ECLESIASTES SERTANEJO (Crônica)

ECLESIASTES SERTANEJO

Rangel Alves da Costa*


Um dos livros poéticos e sapienciais da Bíblia, fazendo parte do Antigo Testamento, o livro do Eclesiastes talvez seja o mais realista e humano das sagradas escrituras. De autoria incerta, sendo que muitos afirmam que realmente poderia ter sido escrito por Salomão, verdade é que traduz em seu contexto uma verdade absoluta: debaixo do sol só cabe a luta e o desapego aos bens materiais para que a salvação seja talvez possível.
A assertiva de que nada de novo nasce debaixo do sol se assemelha muito bem à vida do sertanejo, cujo padecimento na insolação dos seus dias é a prova maior de que a grande vaidade existente não é senão a vitória por continuar sobrevivendo. A vaidade que possui é a da existência, pois sabe que os caminhos de dor e sofrimento serão sempre os mesmos, como foram os de ontem e serão os de amanhã.
Por mais que trabalhe produzirá resultados que tornem a vida apenas significativa (3-11). O sol se levanta e se põe, o vento roda o mundo e, da mesma forma, nenhuma riqueza é esperada nos trabalhos cada vez mais difíceis de aparecer, e ainda assim repetitivos e fúteis (5,6). E assim tem sido desde o princípio. Quanto mais se humilha, mais pede aos governantes, mais se fanatiza para votar e elevá-los ao poder, e disso ainda se orgulha, mais as coisas permanecem as mesmas, pois “nada há, pois, novo debaixo do sol” (9,10).
Assim, em muitas de suas passagens o livro de Eclesiastes poderia ser o livro do sertanejo, não só por nada acontecer de novo debaixo do sol, mas principalmente porque muitos daqueles que vivem na aridez das distâncias nordestinas ainda comungam a convicção de que vivendo sem vaidades e exageros – até porque não há como ser diferente – é possível ser feliz na vida terrena e ter sobre si assegurado a graça divina.
Transcrevendo algumas das passagens do livro bíblico para o sertanejo e o seu mundo seria possível extrair, por exemplo, as seguintes leituras:
"Vaidade das vaidades, diz o sertanejo, vaidade das vaidades!

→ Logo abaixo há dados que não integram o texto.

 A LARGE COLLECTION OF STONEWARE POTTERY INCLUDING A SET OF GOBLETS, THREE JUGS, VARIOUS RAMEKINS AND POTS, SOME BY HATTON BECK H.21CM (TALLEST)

Tudo é vaidade. Que proveito tira o lavrador de todo o trabalho na terra esturricada com que se afadiga debaixo do sol?
Uma geração passa, outra vem; mas o sertão sempre subsistirá na sua forma e no seu conteúdo. A seca de ontem, será a seca de hoje e de amanhã; os sofrimentos suportados pelos ancestrais certamente serão as dores das futuras gerações. Eis que o sol se levanta, o sol se põe; apressa-se a voltar a seu lugar; em seguida se levanta de novo. E sempre o sol, o vento e as coisas fazendo o seu percurso e fazendo a mesma coisa no dia seguinte, de geração a geração, como se a vida sertaneja fosse sempre um amanhã de ontem.

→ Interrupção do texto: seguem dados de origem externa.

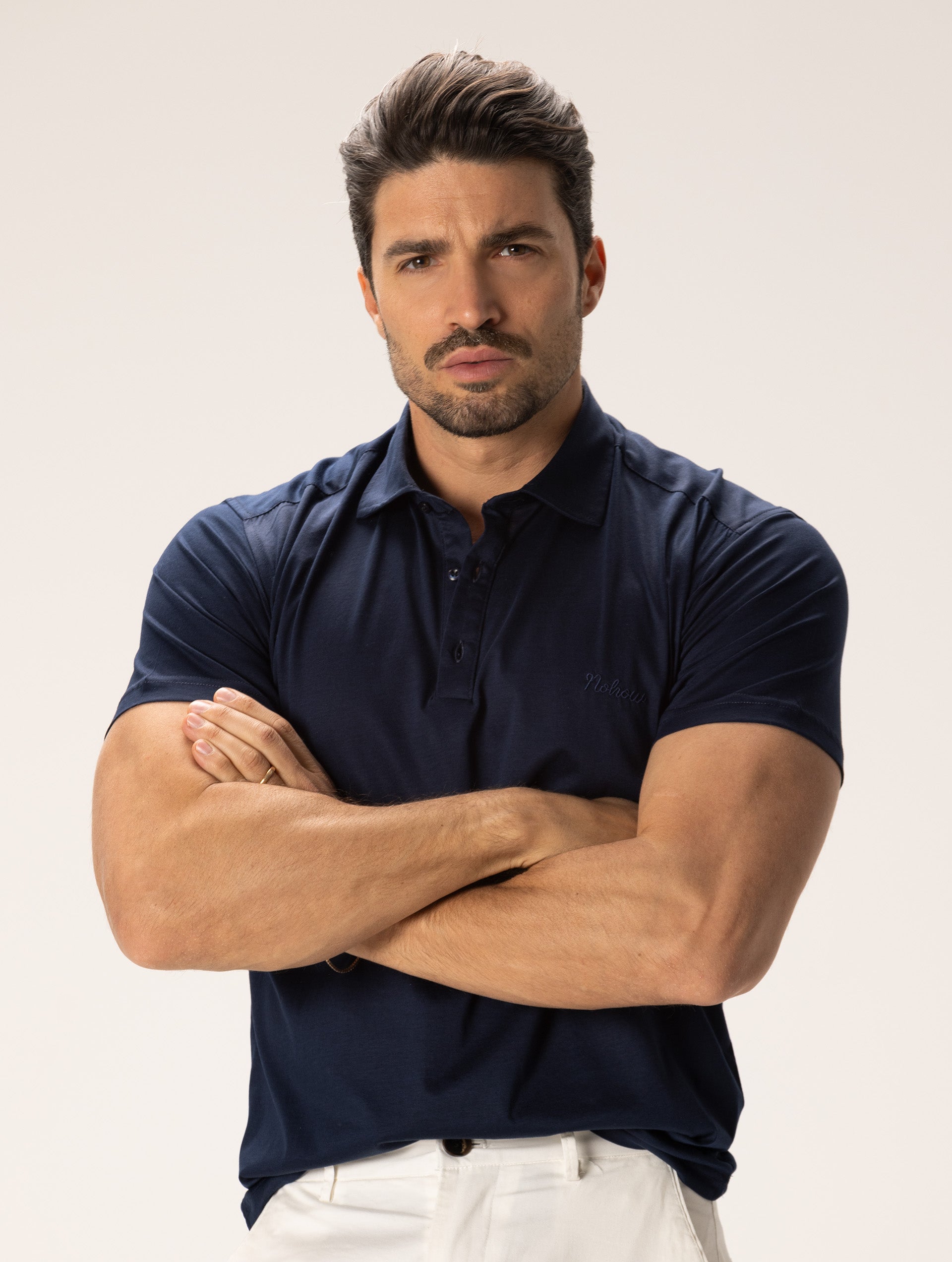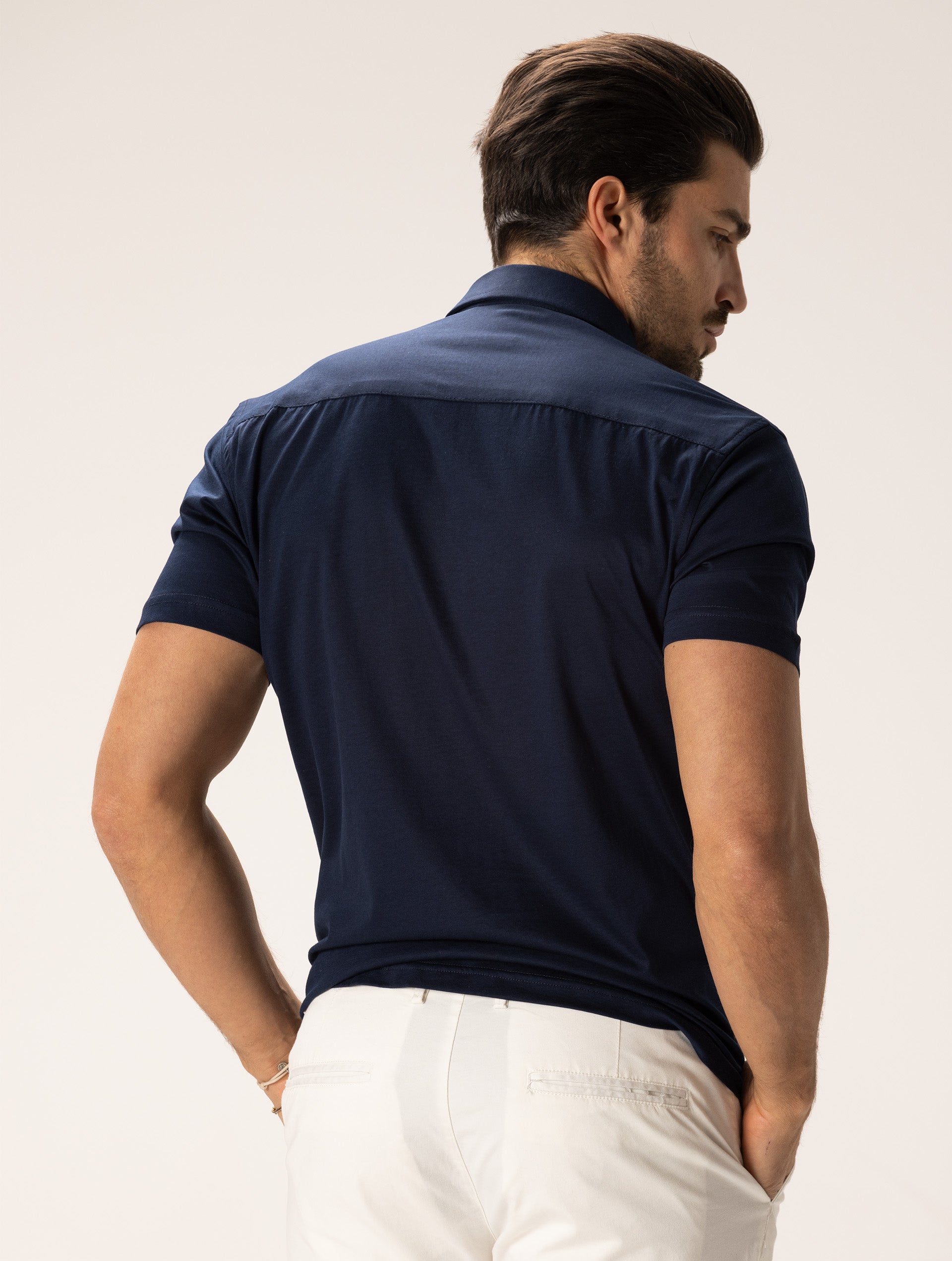 POLOSHIRT AUS SCHOTTISCHEM GARN IN MARINEBLAU

O que foi é o que será; o que acontece é o que há de acontecer. Não há nada de novo debaixo do sol. Se algum progresso chega ao sertão que se possa dizer que é algo novo, ele já existia nos tempos passados. As esmolas governamentais de hoje são as mesmas de outros governantes; as cestas de alimentos doadas são as mesmas com mais ou menos gorgulho, com a farinha de fubá de melhor ou pior qualidade, em maior ou menor quantidade.

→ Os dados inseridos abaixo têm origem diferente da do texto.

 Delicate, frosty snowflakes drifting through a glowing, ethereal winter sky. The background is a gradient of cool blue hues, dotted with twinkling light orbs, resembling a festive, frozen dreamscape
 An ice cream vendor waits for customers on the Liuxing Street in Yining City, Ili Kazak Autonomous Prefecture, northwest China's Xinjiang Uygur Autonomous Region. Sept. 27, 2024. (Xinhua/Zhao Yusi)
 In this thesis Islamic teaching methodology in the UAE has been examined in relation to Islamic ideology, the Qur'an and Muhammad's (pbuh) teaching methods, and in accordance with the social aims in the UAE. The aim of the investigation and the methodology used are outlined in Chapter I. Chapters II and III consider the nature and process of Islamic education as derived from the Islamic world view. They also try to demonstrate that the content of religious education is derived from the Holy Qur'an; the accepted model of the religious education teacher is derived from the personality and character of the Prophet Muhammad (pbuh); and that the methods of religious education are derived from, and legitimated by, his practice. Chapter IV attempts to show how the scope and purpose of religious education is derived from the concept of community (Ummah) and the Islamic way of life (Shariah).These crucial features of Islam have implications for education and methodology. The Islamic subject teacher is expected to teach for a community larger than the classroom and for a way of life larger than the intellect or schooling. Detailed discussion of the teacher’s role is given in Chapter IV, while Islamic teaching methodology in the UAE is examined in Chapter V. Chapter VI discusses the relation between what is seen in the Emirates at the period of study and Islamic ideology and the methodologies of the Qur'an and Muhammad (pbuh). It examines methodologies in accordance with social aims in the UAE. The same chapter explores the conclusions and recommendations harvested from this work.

Não há memória do que é antigo, pois o sofrimento do bisavô é a dor sofrida pelo neto, e os descendentes dos sertanejos de agora não deixarão memória junto daqueles que virão depois deles. Haverão de dizer do João raquítico, filho do João desempregado, neto do João empobrecido, bisneto do João que não tinha outra coisa senão a vida.
Verdade é que Deus impôs ao sertanejo essa ocupação ingrata, que é estar sempre debaixo do sol. Por ser assim, o humilde trabalhador sem trabalho, o valente sem ter onde mostrar sua força, o obstinado sem ter onde mostrar sua capacidade, tudo se vê com o ingrato fadário de viver observando tudo que se passa e se faz debaixo do sol. E vê e sente que tudo é vaidade e vento que passa, pois muitos do que estão ao seu redor acreditam em bens materiais como tudo na vida. E Deus, onde está o Deus desse povo? Pergunta-se debaixo do sol.
Diante de tanta seca, de tantas promessas e sofrimentos, o sertanejo lança o olhar sobre tudo que há debaixo do sol e de repente sente que tudo é mau, é vão todo o esforço pra trabalhar a terra e ainda continuar empobrecido cada vez mais. Do fruto do suor do seu trabalho, ao menos o sertanejo deveria pensar em construir alicerces materiais para o amanhã. Mas nada disso acontece porque tudo que é conseguido não vai além da medida da sobrevivência.
Mesmo assim, com sua sabedoria e devoção a Deus, ele sabe que há um tempo para todas as coisas. O sertanejo sabe que para tudo há um tempo, para cada coisa há um momento debaixo dos céus.
Há tempo pra nascer, e tempo para morrer na vastidão do sertão; há o tempo de esperança que a seca não venha castigante naquele ano, pois também há tempo para plantar e para colher; tempo para reconstruir o barraco que vai sendo demolido a cada dia; todo o tempo para chorar, e tempo de alegrar coração quando o sertão fica verdejante.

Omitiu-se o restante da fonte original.